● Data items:
*** Block opens ***
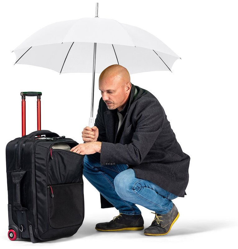 Pohodlná automatická funkce pro rychlé otevírání, vysoce kvalitní systém větruodolný pro maximální flexibilitu rámu v bouřlivých podmínkách, flexibilní sklolaminátová žebra, lehký, ale pevný hliníkový rám, atraktivní rukojeť Soft-Touch se stříbrným tlačítkem a možnost reklamního štítku. K dispozici také jako mini deštník (art. 5565, 5460) a golfový deštník (art. 7580).
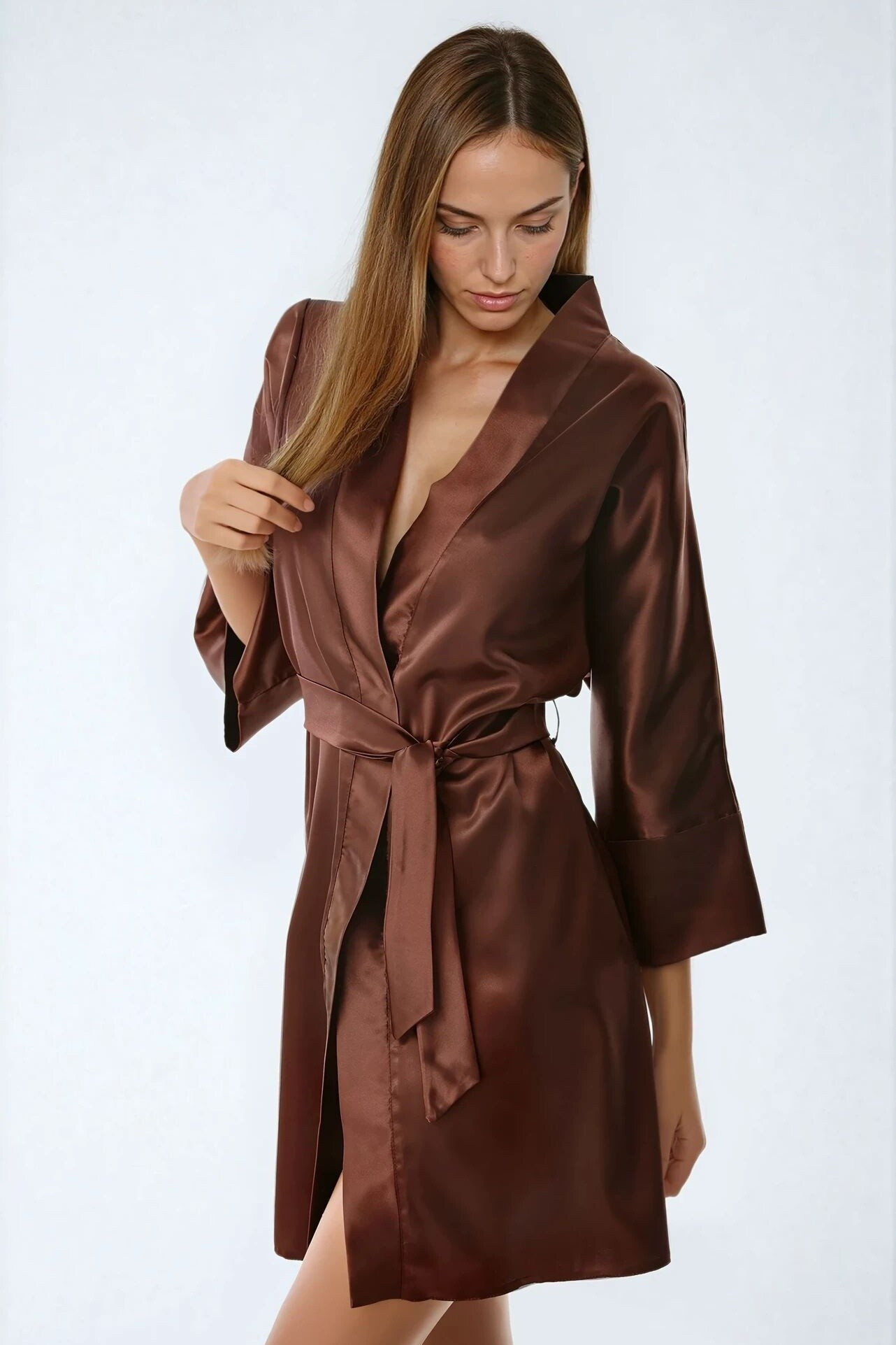 Krásný župan z jemného saténu je povinnou součástí šatníku každé ženy. Nenahraditelný v jakékoli situaci. Rukávy, které umožňují nosit je dvěma způsoby: s ohrnutými manžetami nebo s jednoduchým rukávem. Jednoduchý krátký saténový župan obdivuje svou elegancí. Panama je zabalena v elegantní velké krabici, takže pokud hledáte nápady na dárky - je to ideální řešení.
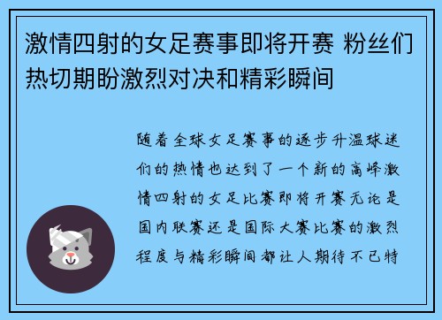 随着全球女足赛事的逐步升温,球迷们的热情...
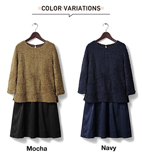 ブークレーニットと立体感のあるスカートのドッキングワンピースは
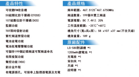 : 富洋無線電對講機-->LISHENG LS-580 商品查詢代碼:QK51441
*** Block closes ***
● ACTIVITY: Leave out the pictures, then copy all the remaining text in the records exactly.

● SOLVED EXERCISE:
 Pohodlná automatická funkce pro rychlé otevírání, vysoce kvalitní systém větruodolný pro maximální flexibilitu rámu v bouřlivých podmínkách, flexibilní sklolaminátová žebra, lehký, ale pevný hliníkový rám, atraktivní rukojeť Soft-Touch se stříbrným tlačítkem a možnost reklamního štítku. K dispozici také jako mini deštník (art. 5565, 5460) a golfový deštník (art. 7580).
 Krásný župan z jemného saténu je povinnou součástí šatníku každé ženy. Nenahraditelný v jakékoli situaci. Rukávy, které umožňují nosit je dvěma způsoby: s ohrnutými manžetami nebo s jednoduchým rukávem. Jednoduchý krátký saténový župan obdivuje svou elegancí. Panama je zabalena v elegantní velké krabici, takže pokud hledáte nápady na dárky - je to ideální řešení.
 随着全球女足赛事的逐步升温,球迷们的热情...
 ブークレーニットと立体感のあるスカートのドッキングワンピースは
 : 富洋無線電對講機-->LISHENG LS-580 商品查詢代碼:QK51441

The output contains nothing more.